Dr. Feiges Personaltipp

 

Heute: Generation Y - Bewerber werden Umworbene


Unternehmen sehen die „Generation Y" nicht mehr nur als Konsumenten, sondern immer mehr auch als potenzielle Mitarbeiter - als die Kollegen von morgen. Damit geht ein Paradigmenwechsel in der Bewerberansprache, in der ganzen Personalarbeit, einher.

 

Der Arbeitsmarkt hat sich verändert: Unternehmen wählen sich ihre Mitarbeiter immer seltener aus, sie werden vielmehr von gut ausgebildeten und selbstbewussten Arbeitnehmern ausgewählt. Und wer eine Stelle in einem Unternehmen antritt, das sich bei ihm „beworben" hat, der tut dies mit ganz anderen Erwartungen als jemand, der lange auf eine solche Chance warten musste. Und hier gibt es oft schon das erste Problem: Denn natürlich wird der „Chosen One" an seinem Arbeitsplatz nicht mit Vorschusslorbeeren und der fest eingeplanten steilen Karriereleiter erwartet. Vielmehr muss er sein Können erst einmal beweisen. Vor allem bei größeren Mittelständlern trifft er zudem oft auf viele ebenfalls neu eingestellten Kollegen, die ähnlich selbstbewusst und gebildet sind wie er. Da fällt es schwer, sich noch als etwas Besonderes zu fühlen. Jetzt ist die Personalabteilung gefragt.


Generation Y integrieren
Die Verantwortlichen müssen sich also genau überlegen, wie sie die neuen Kollegen einerseits weiter umwerben, andererseits aber auch ein bisschen erden, sprich: die Mitarbeiter integrieren.
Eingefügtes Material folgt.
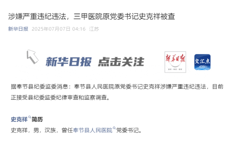 新华日报:据奉节县纪委监委消息:奉节县人民医院原党委书记史克祥涉嫌严重违纪违法,目前正接受县纪委监委纪律审查和监察调查。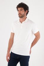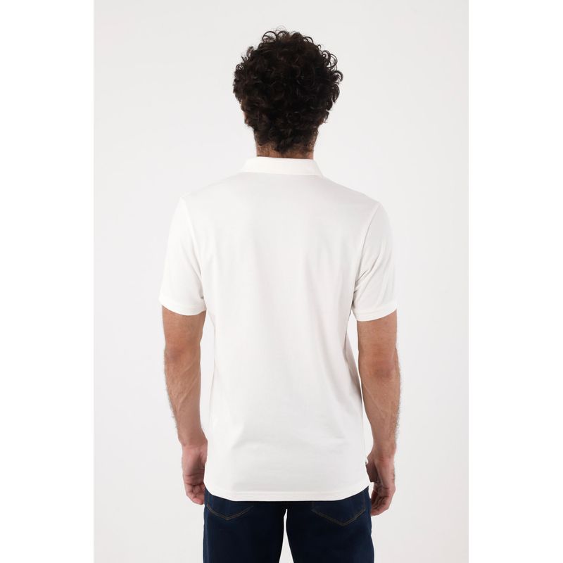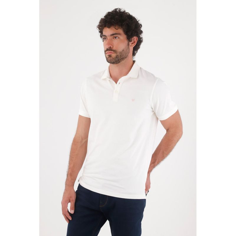Fit & Styling Llévalo como polo para hombre algodón blanco con los dos primeros botones abiertos, por fuera de unos jeans azul oscuro de corte recto; un gesto sencillo que proyecta frescura casual y te mantiene listo para la ciudad, del trabajo a la tarde entre amigos.
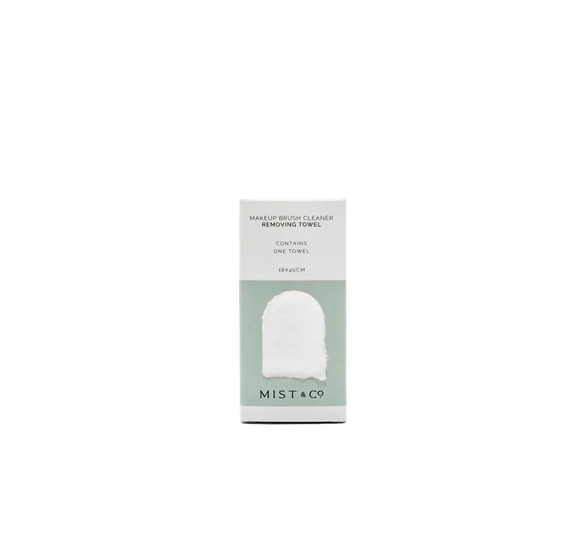Mist & Co. Makeup Removing Towel er fjölnota hreinsiklútur sem við mælum með að nota með burstahreinsinum. Spreyjaðu Mist & Co. Makeup Brush Cleaner á burstann og nuddaðu honum við hreinsiklútinn – burstinn verður eins og nýr og þornar á augnabliki.

Zunächst muss man dabei prüfen, ob das bisherige Programm zur Einführung und Einarbeitung neuer Mitarbeiter - neudeutsch „Onboarding Program" - so bleiben kann, wie es ist, oder ob man dieses an die neuen Gegebenheiten anpassen muss.


Eine weitere Möglichkeit der „Integrationshilfe" sind individuelle Paten. Oder auch interne Online-Plattformen. Schließlich ist die Generation Y gewohnt, sich über solche Kanäle auszutauschen und zu vernetzen. Weiter geht es mit den Karriereprogrammen: Die Generation Y ist - wenn man den Untersuchungen glauben darf - ungeduldig in der Frage, wie lange sie auf Karriere warten will. In unseren TOP JOB-Untersuchungen kommt seit einigen Jahren regelmäßig zum Ausdruck, dass sich immer mehr Junge bei der Personalentwicklung „altersdiskriminiert" fühlen. Vielleicht sollten Sie sich hier Gedanken machen zu anderen, neuen Karriereprogrammen?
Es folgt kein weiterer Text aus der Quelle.